The metric is probably a little bit flawed, sorry to tell you. And I've had that plenty of times. Lastly, develop a mission statement. Think about what do I want to accomplish when I'm looking at this, what helps me get to that mission statement and have that drive, that product, that innovation, humanize that metric.

Far too often we look at 17 different metrics, but we forget that Bob is walking to the gate. He doesn't want to be stuck somewhere. He wants to go buy chocolates on his United credit card, and we want him to do that as well. Define that mission statement. Define what you wanna see and define that early.

Define what metrics can supplement that mission statement. And if they're not there, go make them. Push yourself for new metrics. Don't rely on industry standards. Don't rely on normalized metrics.

This one doesn't matter. I showed you an example of a TSA checkpoint, and I did say I am from a small town in. Outside of Milwaukee, but I wanted to bring this up 'cause this is one of my favorite things whenever I go back home. Milwaukee is the only airport in the world with a Remodulation area and there are lots of news stories on this fact.
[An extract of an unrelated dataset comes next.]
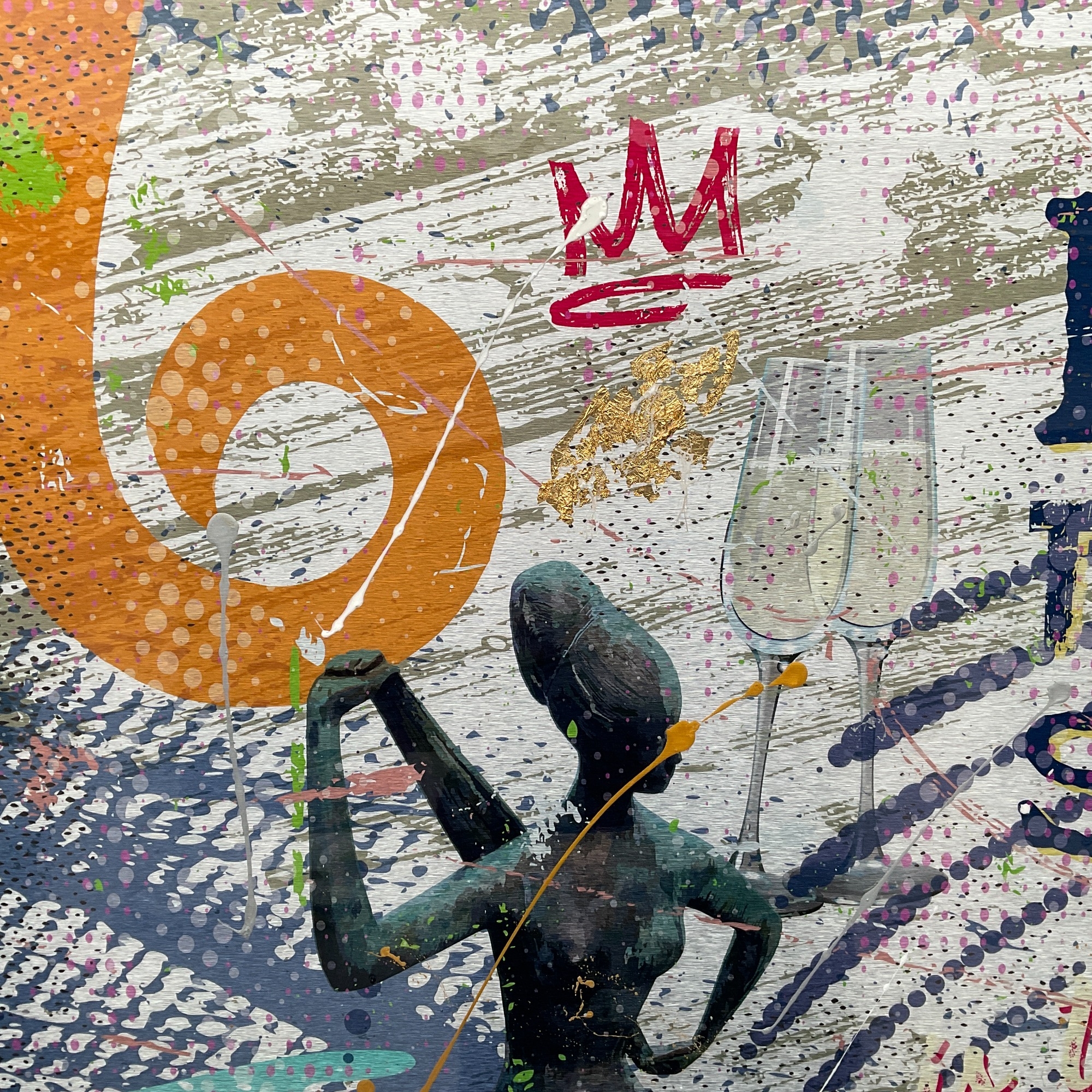 Der Künstler Gerd Müller ist zudem in der Lage, individuelle Kunstwerke nach Wunsch zu realisieren – ganz gleich, ob es sich um eine Person, ein Gebäude, eine Stadtansicht oder ein frei gestaltetes Motiv handelt. Jede Arbeit entsteht in seiner charakteristischen Mischung aus Collage, grafischen Elementen und hochwertigen Materialien.

So if you ever fly through Milwaukee, you will go through the TSH checkpoint and they literally have about five different signs that tell you this is where you can rebo. And I looked it up. It is a real word and it is just as awesome as I promised you. Okay, so that's the general thesis. So I want you to think about the, my trope of, think about a product or a procedure that you have been pitched recently, up, down, peer, whatever it might be.

And think about that pitch and think, did we discuss the metrics at the onset of that pitch? And it's probably, no data can be a lot like hr. HR does a million wonderful things for you. They do your benefits, they make sure you're paid on time, but when HR calls, you still get that pit in your stomach what did I do?

Data teams can be a lot like that, and that's one thing I'm working really hard to change When the data team calls. It's not because, Hey, we found a mistake. You made your process isn't improving. The data team wants to help you succeed. The data team wants to prove your good work. At least my data team does.

And I want to make sure that is developed at the onset of these products or procedures because it's immensely important. And again, your manual effort of analysts looking at these things will help you redefine your process and shape your process as you develop it. That's it for me. I have a couple minutes.

I'm not sure if anyone has any questions. Otherwise I will be at the networking thing. So if you want to talk nerdy to me, I'm completely okay with it.

Announcer: Any questions

Scott Smith, Director Airport Operations, United Airlines: go

Announcer: in once.

Scott Smith, Director Airport Operations, United Airlines: Awesome. And I got you back on time. There you go.

Announcer: Thank you so much, Scott. Thanks everyone. Round of applause.